The fact that nearly a third of today’s car buyers are locking themselves into loans that run until at least 2021 would seem to be the most important part of the story, since it’s not what you buy but how you pay for it that matters going forward. With car loans, as with student loans, money borrowed and spent today comes at the expense of spending that might otherwise have happened tomorrow. Students graduating with crushing debts won’t be buying houses anytime soon, while today’s new car buyers won’t be back in the showroom until their “car mortgages” are paid off.
So the auto industry’s strength, driven as it is by long-term subprime lending, is actually a sign of weakness. These days even superficially good numbers are bad.
8 thoughts on "Even The Good Numbers Are Bad"
Any good link available for declining factory orders data, so I can track it myself?
It’s as simple as this,…If the bankers & plutocrats destroy the working middle class they destroy the base of the consumer economy.Since the middle class consumer now accounts for over 70% of the total economy the whole deal will fold into a steep deflationary correction!
When the deflationary correction occurs it will destroy the paper assets of the extremely leveraged 1% who will go down with everyone else.At this point we will begin the multi generational struggle to put things back together again,….hopefully without the Keynesian bankers!
The UE (uber elites) One Percenters are the ones planning all this and have already prepared…Do some further vetting.
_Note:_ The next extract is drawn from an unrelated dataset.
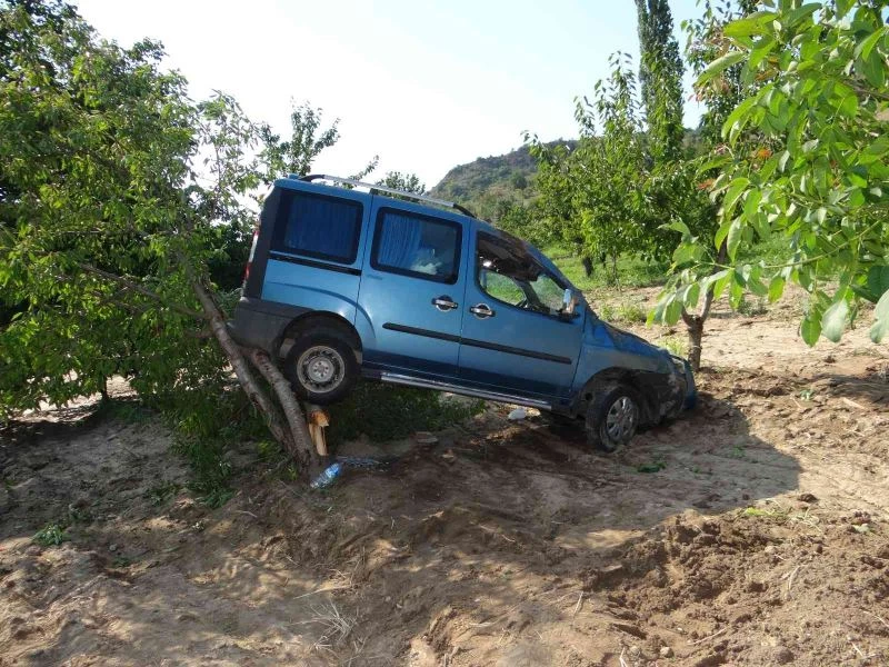 Kontrolden çıkan hafif ticari araç kiraz bahçesine uçtu

That is hard to believe. We know from history that fiat currencies always revert to their intrinsic value, which is zero. Yet the UE, as you call them, are putting almost all of their wealth into fiat.
If they were planning all this, they would be bidding gold and silver up to infinity. Instead, they are shorting gold and silver to keep its value low and prop up the fiat house of cards.
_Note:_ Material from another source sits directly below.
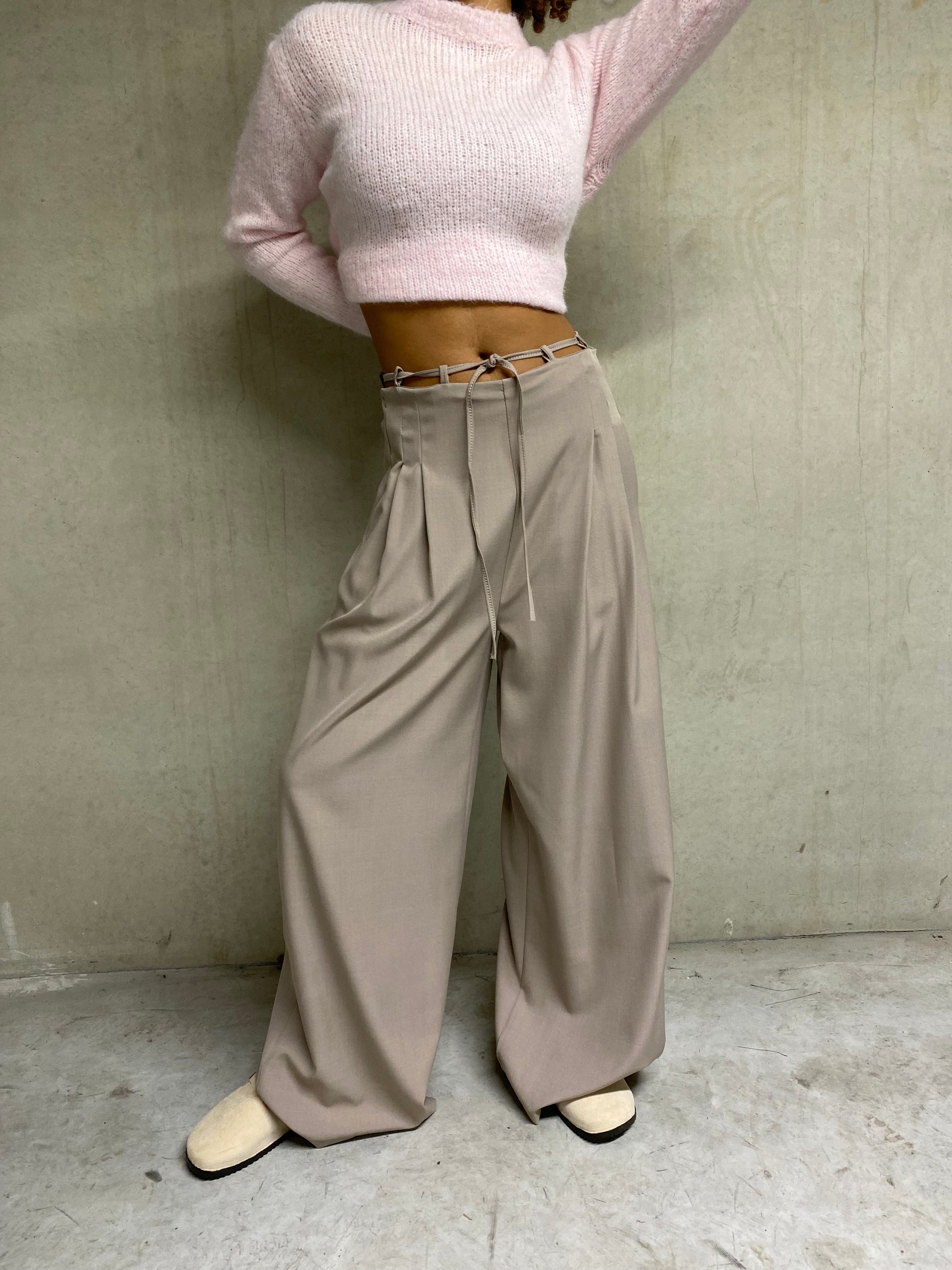 Pantalon large et fluide, conçu dans un magnifique tissu au tombé élégant et aérien. Sa coupe ample offre à la fois confort et allure moderne. Il se ferme à l’arrière par une discrète tirette pour une finition soignée. À l’avant, de petites passes décoratives viennent structurer la silhouette, tandis que des poches pratiques ajoutent une touche fonctionnelle.

You need to study up on Carroll Quigley (Clinton’s mentor).
Also vet ‘ordo ab chao’ and “problem~reaction~solution”
Hegelian Dialectic.
You state: ” Yet the UE, as you call them, are putting almost all of their wealth into fiat.”
This is totally untrue!..Google what JP Morgan Chase has
been doing with buying massive silver and what the Chinese are doing with buying gold.
JP Morgan is also hedging their bet for silver to go lower by purchasing massive silver option puts.
Our economy is all smoke and mirrors in an effort to simulate confidence.